Comparing attainment percentages achieved by other validated outcomes tools to that of distribution-based and anchor-based methods helps bring that parity into focus. For example, most studies evaluating proportions of patients achieving the MCID after THA find that more than 85% of patients reach the MCID [8]. Therefore, using the distribution-based results, one can clinically translate a 3- to 4-point increase on PROMIS Physical Function as reaching the MCID (Table 2). The MCID thresholds calculated for other validated outcomes tools in this study were consistent with the findings of prior studies, providing external validity to these findings. Lyman et al. [25] found MCID thresholds for TKA using KOOS of 12 to 13 (MDC 90) and 14 to 16 (MDC 95), similar to those in our study (Table 4). Copay et al. [7] calculated a threshold of 1.3 SD on leg pain for lumbar spine conditions, equaling the threshold of 1.3 in this study. Moreover, comparative patterns for the highest MCID attainment among orthopaedic interventions were consistent with those of prior studies; for example, Rampersaud et al. [30] compared MCID attainment on the SF-36 in patients undergoing lumbar decompression, THA, and TKA and similarly observed that patients undergoing THA had the highest MCID attainment rate, followed by those undergoing lumbar decompression and TKA. The finding of lower MCID attainment percentages using anchor-based PROMIS thresholds might be explained by the availability of published anchor values. For example, the MCID threshold of 7.4 points was obtained from a study by Hung et al. [18]. This work calculated the MCID using data gathered at multiple spine clinic visits, regardless of operative or nonoperative intervention. A different value may be obtained if applied to patients undergoing a single type of spine surgery; however, it was the only anchor-based MCID threshold for PROMIS Physical Function we uncovered in spine publications.

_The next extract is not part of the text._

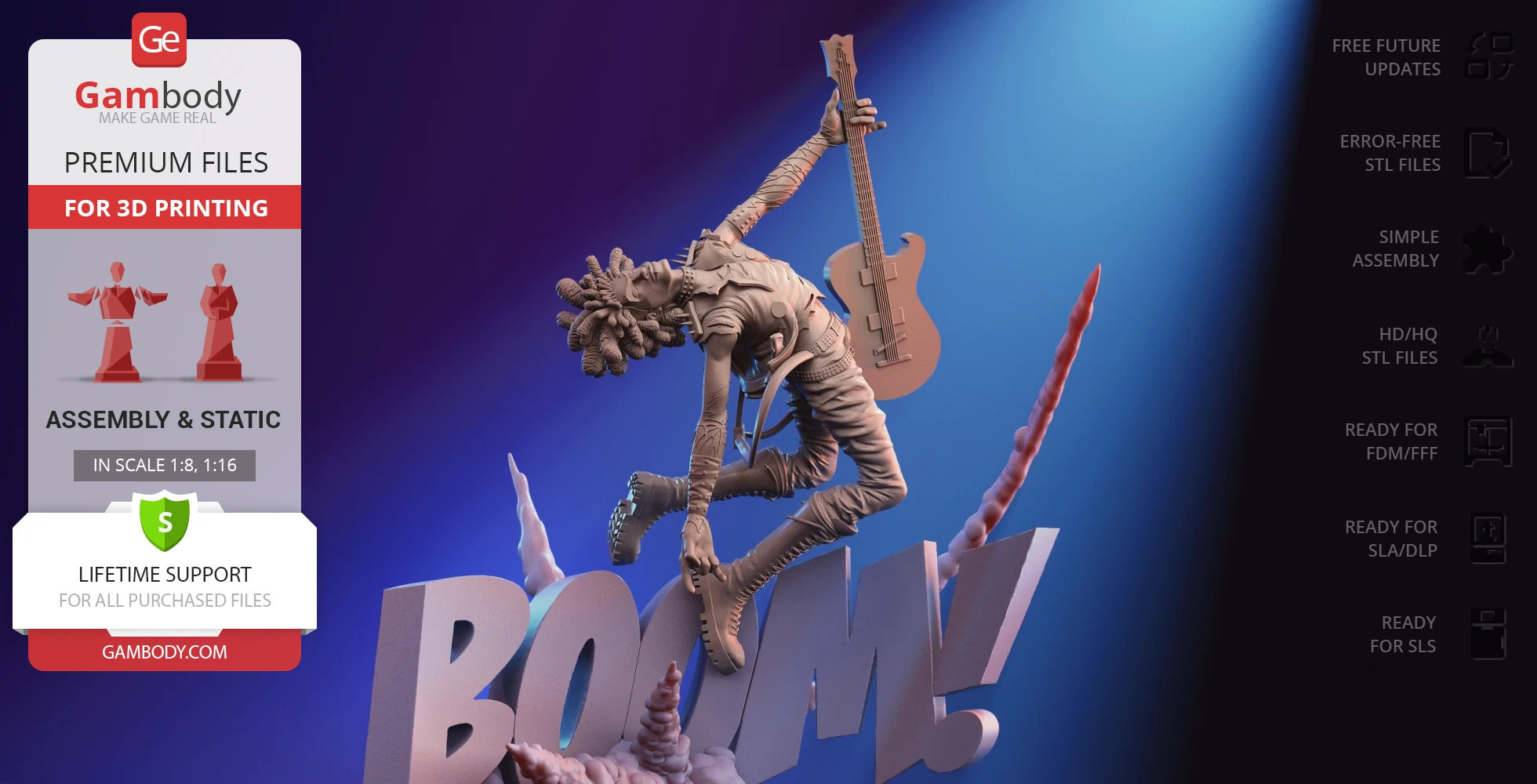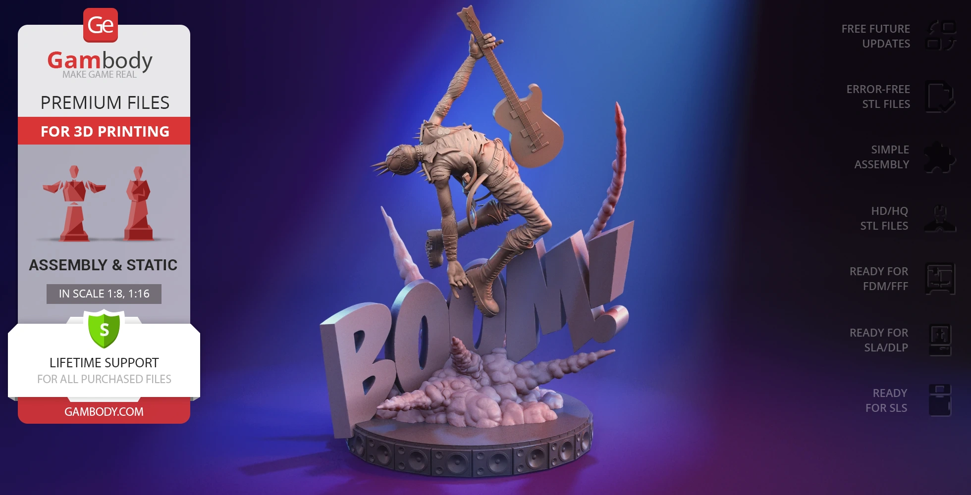 This Spider-Verse version of Spider-Man has inspired the creation of a striking 3D print model, ideal for enthusiasts of Marvel memorabilia and 3D printing fans. The model captures Spider-Punk in a dynamic live performance pose, positioned mid-jump with the word "BOOM" as a stand, emphasizing the energy and impact of his punk-rock persona.

The finding of lower MCID attainment using PROMIS compared with other validated outcomes tools may be explained by the generalizability of the PROMIS tool. Its development was heralded as a way to measure patient outcomes across diagnoses, but it is possibly less sensitive than other validated outcomes tools. These results suggest that MCID thresholds for PROMIS should be based partly on comparison studies that allow examination of the proportions of patients achieving the MCID with other validated outcome assessment tools. For example, the anchor-based QuickDASH indicated 83% (369 of 445) of patients reached the MCID after TSA, which would correspond to a PROMIS Upper Extremity MCID between 2.5 and 3.7 points.

Conclusion

The MCID thresholds calculated for multiple orthopaedic procedures using PROMIS assessments fell within a narrow range of 3 to 5 points when contextualized to other validated outcome assessment tools. These findings have applications for both research and clinical policy communities. First, the lower attainment percentage trend with PROMIS suggests consideration of other validated outcomes tools during prospective trial design if outcome measure sensitivity is a concern. Second, for retrospective comparative research utilizing PROMIS, these MCID thresholds can be employed rather than simply using statistical significance to identify differences. From a policy standpoint, this research can be used to determine the impact of clinical care initiatives. With routine collection of PROMIS scores, a healthcare system can analyze score trends in the context of these results to assign clinical relevance to strategies seeking to improve healthcare value.

Footnotes

Each author certifies that there are no funding or commercial associations (consultancies, stock ownership, equity interest, patent/licensing arrangements, etc.) that might pose a conflict of interest in connection with the submitted article related to the author or any immediate family members.

All ICMJE Conflict of Interest Forms for authors and Clinical Orthopaedics and Related Research® editors and board members are on file with the publication and can be viewed on request.

Ethical approval for this study was obtained from Partners HealthCare, Somerville, MA, USA (number 2019P003521).

This work was performed at the Department of Orthopaedic Surgery, Massachusetts General Hospital, Harvard Medical School, Boston, MA, USA.

Contributor Information

Aditya V. Karhade, Email: aditya.v.karhade@gmail.com.

David N. Bernstein, Email: dbernstein4@mgh.harvard.edu.

Vineet Desai, Email: vineetdesai@hms.harvard.edu.

Hany S. Bedair, Email: HBEDAIR@mgh.harvard.edu.

Miho J. Tanaka, Email: MTANAKA5@mgh.harvard.edu.

Christopher M. Bono, Email: CMBONO@MGH.HARVARD.EDU.

Mitchel B. Harris, Email: MBHARRIS@MGH.HARVARD.EDU.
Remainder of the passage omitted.